# SUPPLIED INFORMATION
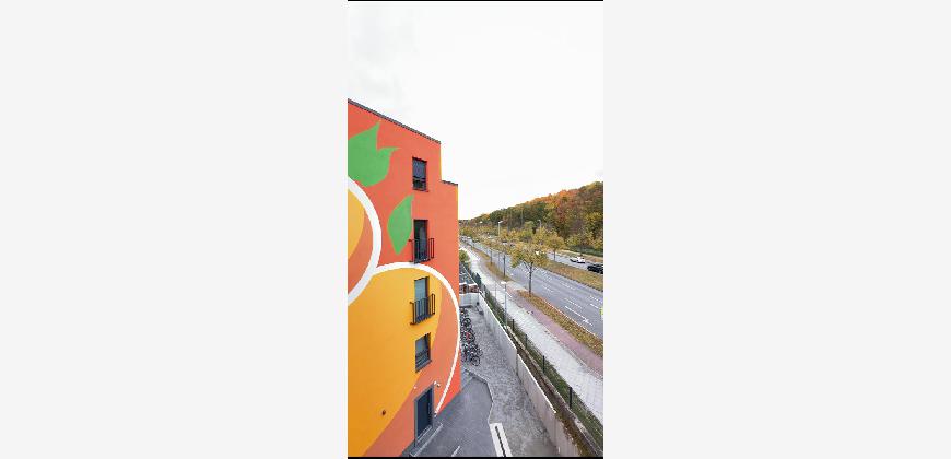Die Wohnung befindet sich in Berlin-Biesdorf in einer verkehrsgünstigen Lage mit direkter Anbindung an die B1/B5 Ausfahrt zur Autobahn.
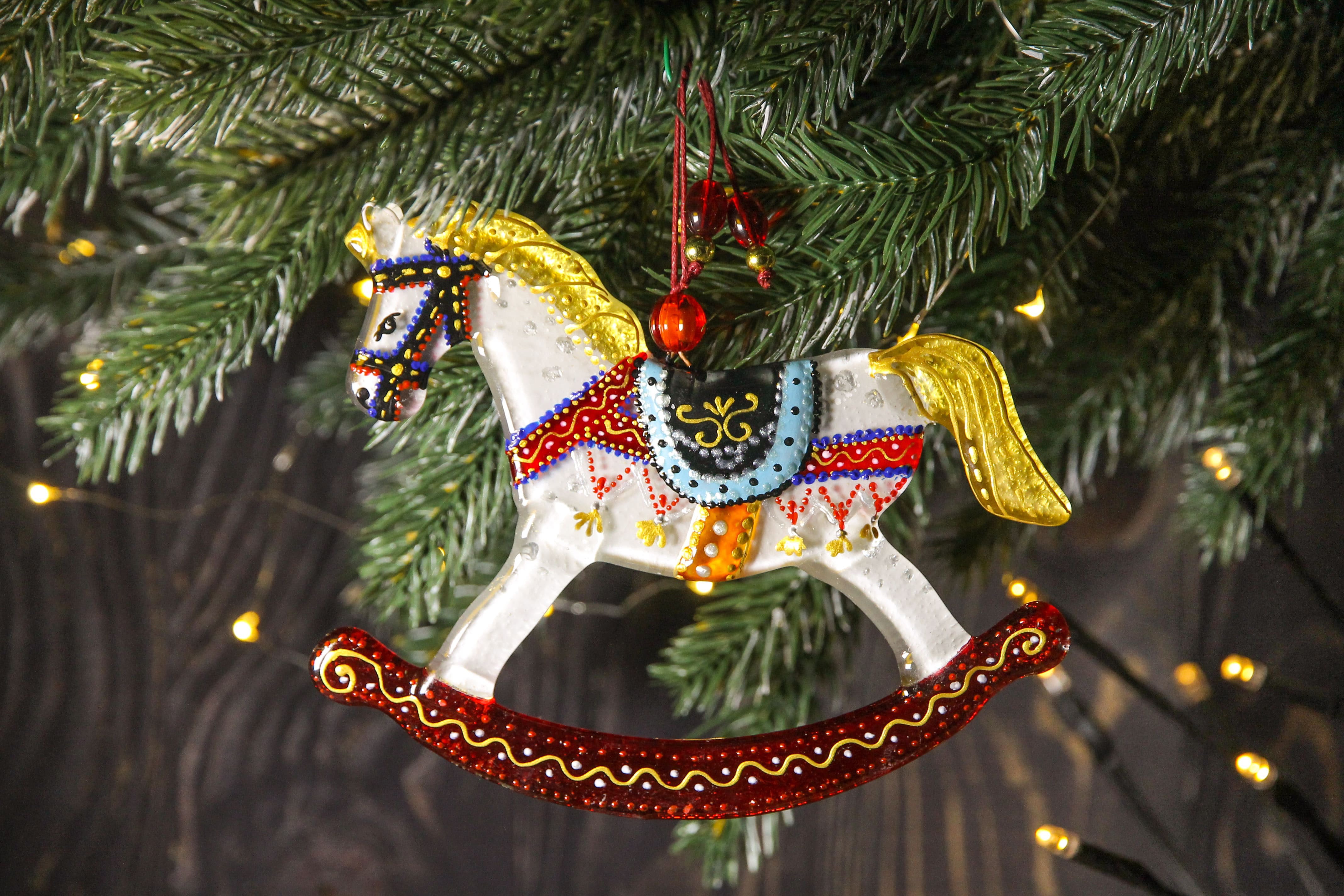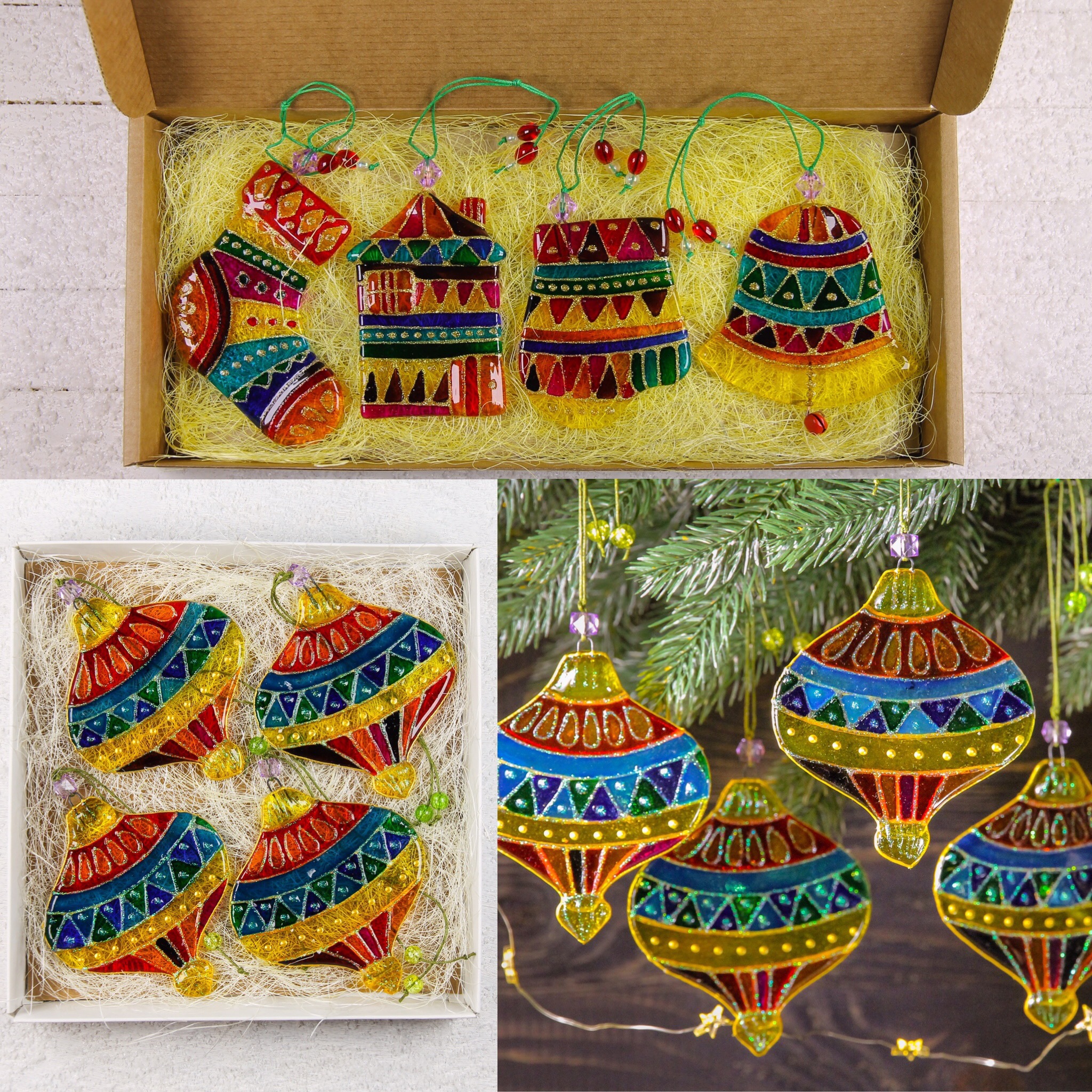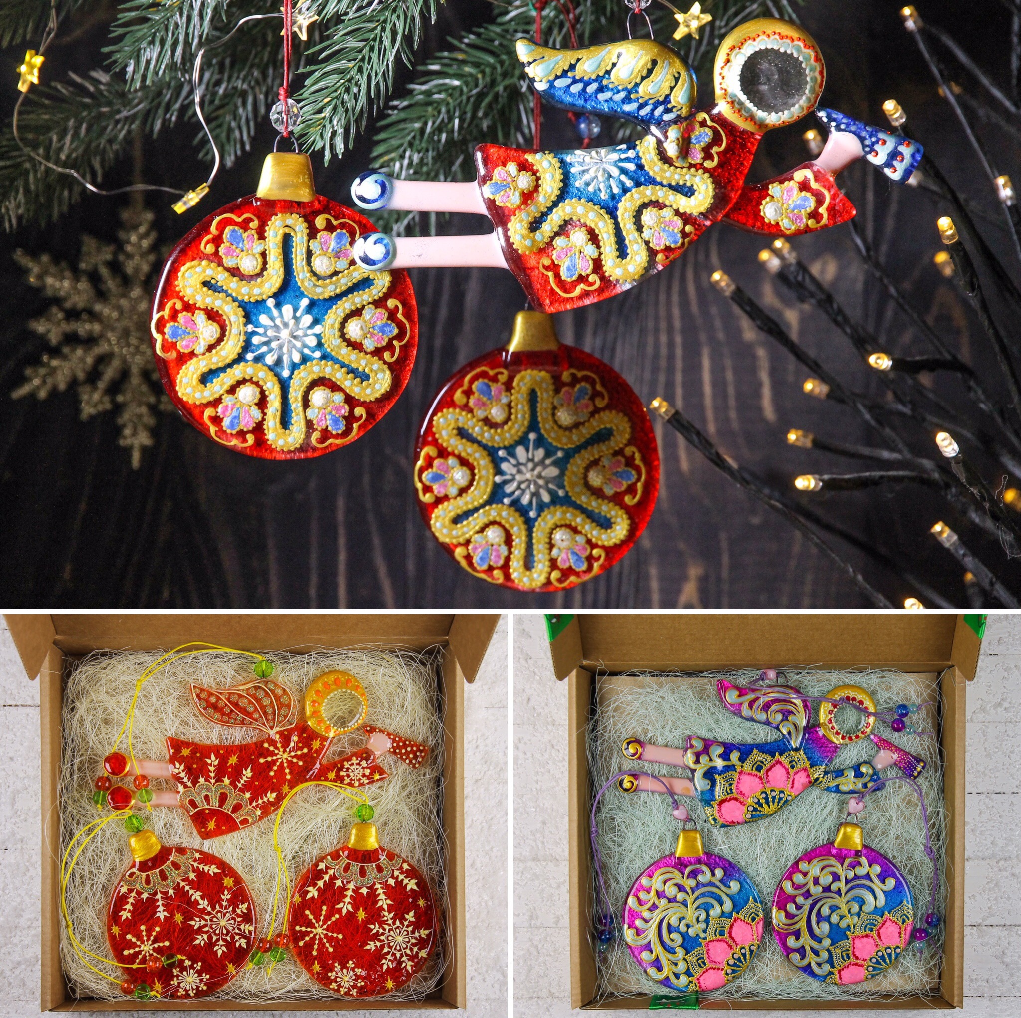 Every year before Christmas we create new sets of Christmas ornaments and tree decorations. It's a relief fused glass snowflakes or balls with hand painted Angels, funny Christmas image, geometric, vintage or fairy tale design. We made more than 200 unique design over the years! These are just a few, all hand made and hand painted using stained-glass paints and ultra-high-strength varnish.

* * *

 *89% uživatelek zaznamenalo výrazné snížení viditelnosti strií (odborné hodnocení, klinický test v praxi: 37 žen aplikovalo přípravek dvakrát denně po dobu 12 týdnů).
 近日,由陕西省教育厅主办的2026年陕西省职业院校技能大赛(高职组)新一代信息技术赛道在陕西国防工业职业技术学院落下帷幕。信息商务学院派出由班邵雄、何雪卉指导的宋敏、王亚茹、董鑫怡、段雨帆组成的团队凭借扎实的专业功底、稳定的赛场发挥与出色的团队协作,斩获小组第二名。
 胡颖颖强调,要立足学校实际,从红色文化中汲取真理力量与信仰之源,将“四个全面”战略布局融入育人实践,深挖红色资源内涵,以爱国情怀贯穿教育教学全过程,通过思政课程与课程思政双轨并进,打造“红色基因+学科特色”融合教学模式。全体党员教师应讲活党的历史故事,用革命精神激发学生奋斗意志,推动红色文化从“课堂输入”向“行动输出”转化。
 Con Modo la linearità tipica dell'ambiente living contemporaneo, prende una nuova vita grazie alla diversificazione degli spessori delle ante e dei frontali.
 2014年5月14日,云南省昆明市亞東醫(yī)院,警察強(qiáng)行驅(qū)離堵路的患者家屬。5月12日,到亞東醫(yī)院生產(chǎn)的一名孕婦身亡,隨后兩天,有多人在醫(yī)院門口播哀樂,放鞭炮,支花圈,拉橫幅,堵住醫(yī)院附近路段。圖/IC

# ASSIGNMENT
Beginning at the line with "dobu 12 týdnů)." and stopping after the line with "Con Modo la", please write out every line of the data above exactly and nothing else.

# COMPLETED EXERCISE
 *89% uživatelek zaznamenalo výrazné snížení viditelnosti strií (odborné hodnocení, klinický test v praxi: 37 žen aplikovalo přípravek dvakrát denně po dobu 12 týdnů).
 近日,由陕西省教育厅主办的2026年陕西省职业院校技能大赛(高职组)新一代信息技术赛道在陕西国防工业职业技术学院落下帷幕。信息商务学院派出由班邵雄、何雪卉指导的宋敏、王亚茹、董鑫怡、段雨帆组成的团队凭借扎实的专业功底、稳定的赛场发挥与出色的团队协作,斩获小组第二名。
 胡颖颖强调,要立足学校实际,从红色文化中汲取真理力量与信仰之源,将“四个全面”战略布局融入育人实践,深挖红色资源内涵,以爱国情怀贯穿教育教学全过程,通过思政课程与课程思政双轨并进,打造“红色基因+学科特色”融合教学模式。全体党员教师应讲活党的历史故事,用革命精神激发学生奋斗意志,推动红色文化从“课堂输入”向“行动输出”转化。
 Con Modo la linearità tipica dell'ambiente living contemporaneo, prende una nuova vita grazie alla diversificazione degli spessori delle ante e dei frontali.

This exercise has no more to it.